Plaintiffs aver that they are "being forced to renew their licenses at a markup of thirty (30) times their original[ ] price, while multinational corporations and its [sic] local francishes are allowed to buy and renew their licenses for the same type of machines . . . for only $300 each." ECF No. 23 at 10-11; see also ECF Nos. 31 at 8-9; 48 at 2. While plaintiffs have not expressly stated the protected category under which they raise their equal protection claim, the Court deems that it is the citizenship of the plaintiff corporations vis-à-vis that of "the multinational corporations," which are presumably not Puerto Rico citizens. See id. Nonetheless, the statute in question does not establish any distinction among licensees based on their citizenship or any other protected category. See ECF No. 51-1, certified English translation of Law 108; Puerto Rico Administrative Determination 18-08 04/30/2018, St. & Local Tax PR 18-08, 20XX WL 14333947. In fact, the only distinctions under Law 108 that determine the amount of annual license fee to be paid are based on the different types of electronic game machines subject to annual fees, regardless of who applies for the license. See id. As such, the Court holds that Law 108 is neutral on its face in that regard. Moreover, as correctly averred by defendants, plaintiffs "fail to offer any factual allegation that would support" their claim of disparate treatment under the equal protection clause. ECF No. 15 at 2; see also ECF Nos. 25 at 4, 7-8; 32 at 3. In that respect, plaintiffs' allegations seem to entail bare assertions, not well pleaded facts that should be taken as true under Rule 12(b)(6) standards. See Rodríguez-Reyes, 711 F.3d at 52-53.

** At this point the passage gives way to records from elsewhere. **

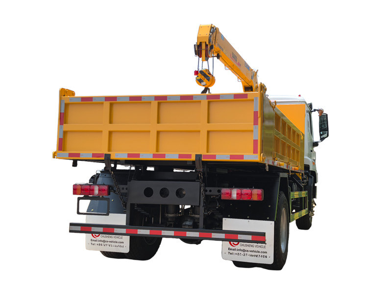 SINOTRUK HOWO damperli kamyon üstü vinç, hem kaldırma hem de boşaltma fonksiyonlarını birleştiren çok yönlü bir mühendislik aracıdır. Yüksek mukavemetli U şeklinde bom ve kargo kutusu kaldırma sistemi ile donatılmış olup, 360° dönebilen kaldırma işlemlerinin yanı sıra malzeme boşaltma işlemini de gerçekleştirebilir. Maksimum 4 ton kaldırma kapasitesi ve maksimum 10 metre kaldırma yüksekliği ile şantiyeler ve depolar gibi çeşitli senaryolar için uygundur. Aşırı yük koruması ve geniş açıklıklı destek ayakları ile tasarlanmış olup, güvenli ve verimli çalışma sağlar.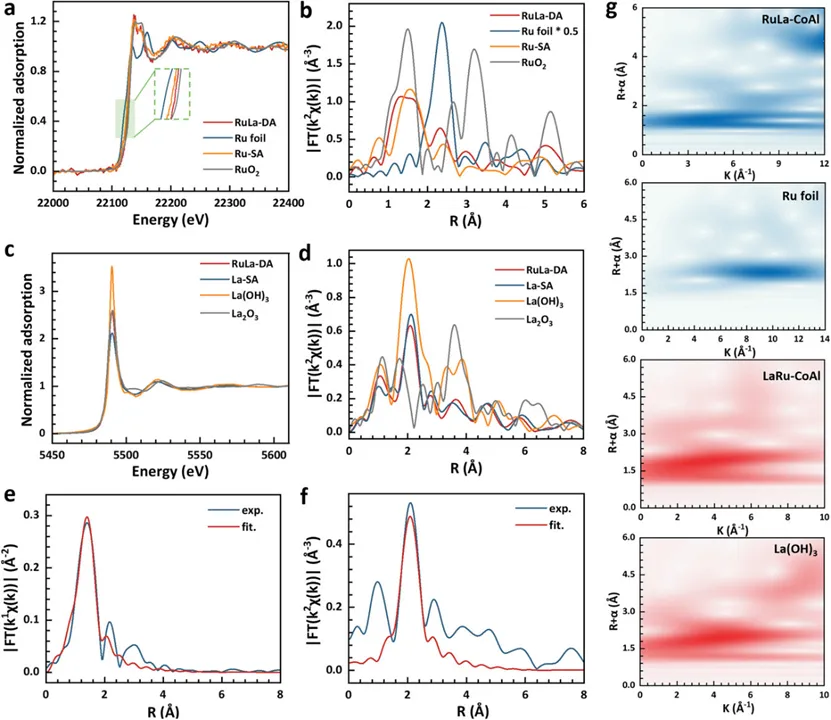 Figure 2. Electronic structure and coordination environment of Ru and La in the RuLa dual single-atom catalyst. (a) Ru K-edge XANES spectra of RuLa-DA, Ru-SA, RuO2, and Ru foil. (b) Corresponding FT-EXAFS spectra in R-space. (c) La L3-edge XANES spectra of RuLa-DA, La-SA, La(OH)3, and La2O3. (d) FT-EXAFS spectra at the La L3-edge. (e, f) Quantitative EXAFS fitting results for Ru and La in RuLa-DA. (g) Wavelet transform (WT) plots showing Ru and La coordination environments based on k and R resolution.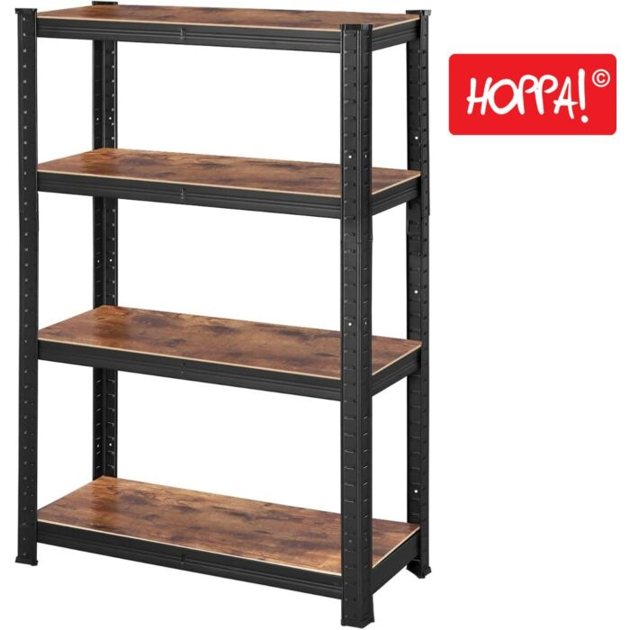 Hoppa! Magazijnstelling & Opbergrek – 80 × 41 × 161 cm, tot 545 kg belastbaar – bruin/zwart

Notwithstanding the above, in an abundance of caution, THE COURT GRANTS PLAINTIFFS SIXTY (60) DAYS TO CONDUCT DISCOVERY. The discovery shall be conducted in full compliance with the Federal Rules of Civil Procedure and strictly limited to what is pertinent to plaintiffs' allegations of violation of equal protection of law as pleaded in the second amended complaint. Defendants are to cooperate fully with plaintiffs' discovery. Upon conclusion of the authorized discovery and within the deadline established herein, defendants shall show cause as to why the Court should not grant defendants' motion to dismiss under Fed. R. Civ. P. 12(b)(6) regarding the claim of violation of equal protection rights. Extensions of time shall not be granted absent exigent circumstances.
IV. CONCLUSION
Defendants' motion to dismiss under Fed. R. Civ. P. 12(b)(6), ECF No. 25, is hereby GRANTED IN PART. Specifically,
(i) The Court GRANTS defendants' motion regarding plaintiffs' procedural due process, substantive due process, and Bill of Attainder claims;
(ii) The Court GRANTS plaintiffs a term of 60 days to conduct discovery regarding plaintiffs' allegations of violation of equal protection of law as pleaded in the second amended complaint; and
(iii) Upon conclusion of the aforementioned discovery within the given deadline, plaintiffs shall SHOW CAUSE as to why the Court should not grant defendants' motion to dismiss regarding the claim of violation of equal protection rights.
SO ORDERED.
At San Juan, Puerto Rico, on this 13th day of August, 2019.